Will it be in close contact with older children OP? I would worry a lot about it getting sick, it won't have got a lot of vaccinations by 3 months.

From the nurseries I've worked in and seen I couldn't leave a 3 month old in one either. They need to form secure attachment to a primary caregiver.

legoplaybook · 24/06/2025 20:08

minnienono · 24/06/2025 19:58

I know it’s alien to many here but many babies do attend nursery young. Go with the nursery your gut says is the most nurturing and caring, plus convenience is important to minimise travel. You can switch setting if needed at 2/3 when curriculum matters more

Pretty unusual in this country. I worked in a baby room about 15 years ago and we had a 3 month old and it was very unusual then.
Luckily he was a very chill baby so just sat in a baby bouncer and 'watched' as we didn't have the time to do much with him beyond feeding and changing.

Mulledjuice · 24/06/2025 20:09

asparagusffern · 24/06/2025 19:24

I don't think you should allow your husband's wishes to override what is best for your baby. 3 month old babies need 100% of their care giver's attention all the time. No nursery can do that. A nanny or a childminder would be the only options in my view.
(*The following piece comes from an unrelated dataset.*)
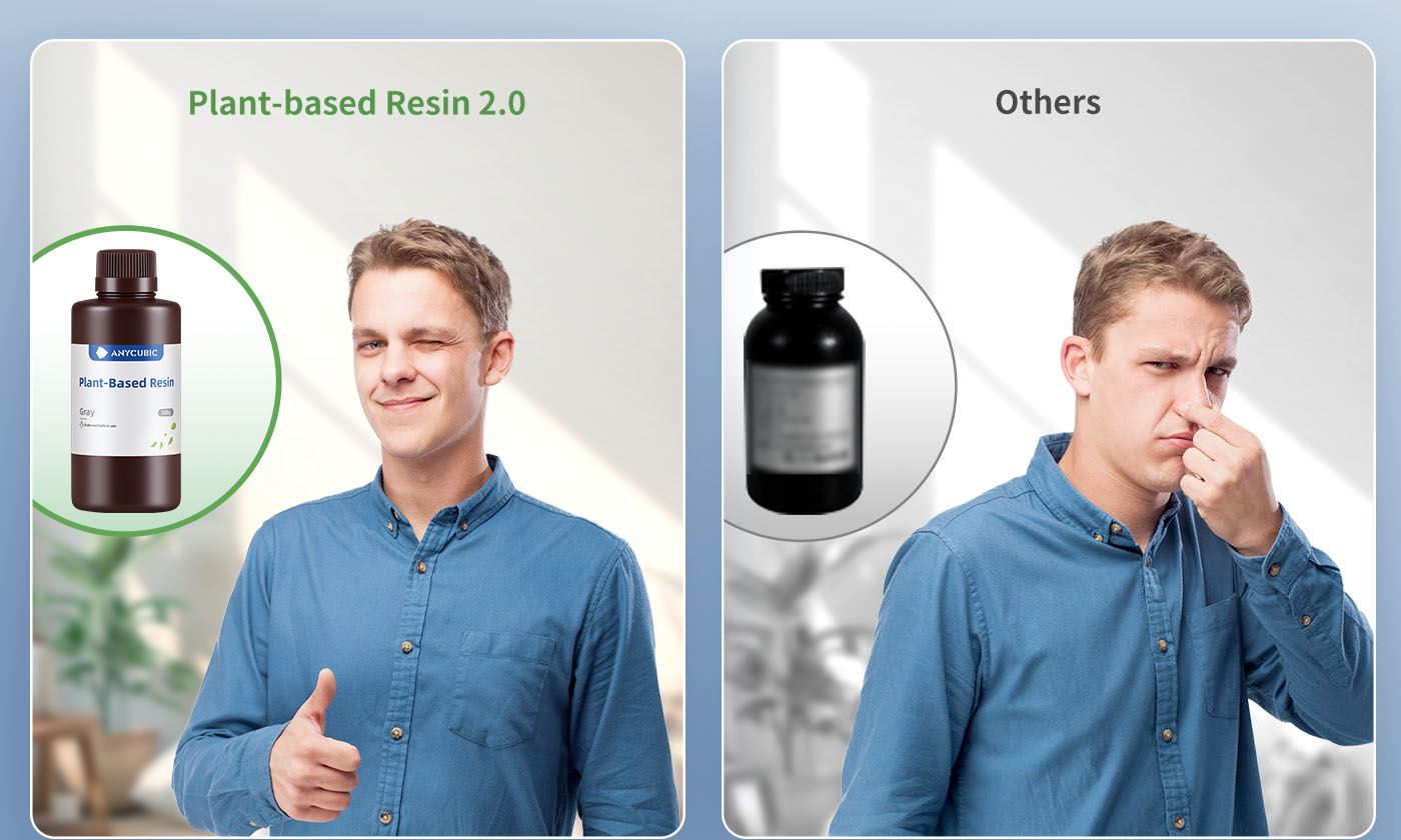 La resina vegetal Anycubic Plant-based Resin 2.0 es compatible con la mayoría de las impresoras 3D LCD/DLP y sensible a la luz ultravioleta de 355-410 nm, funciona perfectamente con las impresoras 3D de resina ANYCUBIC.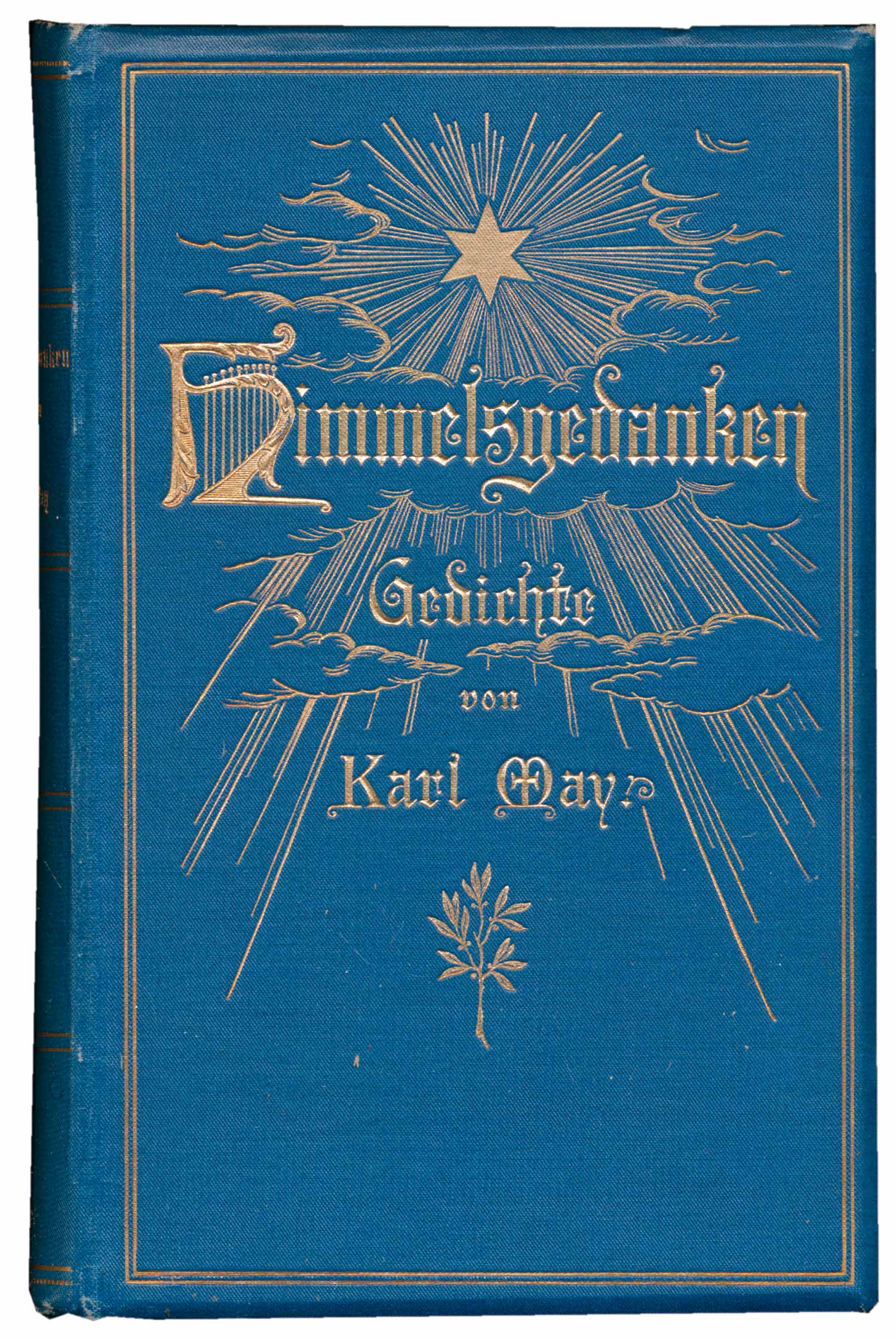 MAY, Karl: Himmelsgedanken. Gedichte. Freiburg (Fehsenfeld), (1900). XI, 360, 4 S. mit den goldenen Vorsatzpapieren und dreiseitigem Goldschnitt. reich verzierter blauer OLn mit Goldprägung. DB 91. NaV, sehr feines Ex. EA Plaul 330.

No parent of a toddler can give that either

@safetyfirst1 I went for the smaller, closer nursery over the further away one with bigger better facilities. It had a family feel, he wasn't away in a baby room, it was more like a multi-generational household but without being beholden to school runs etc as he would have been at a childminder. He also gets plenty of social interaction and I dont care what anyone says, he needs it.

We also discounted a nanny because we didn't have space for my child with the nanny and my husband who was ill/recovering at home.

Only now that my son is nearly 18 months do I start to notice the gap between his place and the other nursery's facilities.

Mine started 2 days/week at 9 months and 4 days at 13 months. I think I'd find 4 days away at 3 months really hard but I assume you feel it's necessary.

waterrat · 24/06/2025 20:09

My youngest was with childminder from about 5 months and it felt so safe. She carried her a lot in her arms..would let her sleep whenever she needed . It was like a family environment with other kids etc

tweetypi · 24/06/2025 20:10

Having been recently bitten by this - do they both have availability? It might make the choice for you tbh!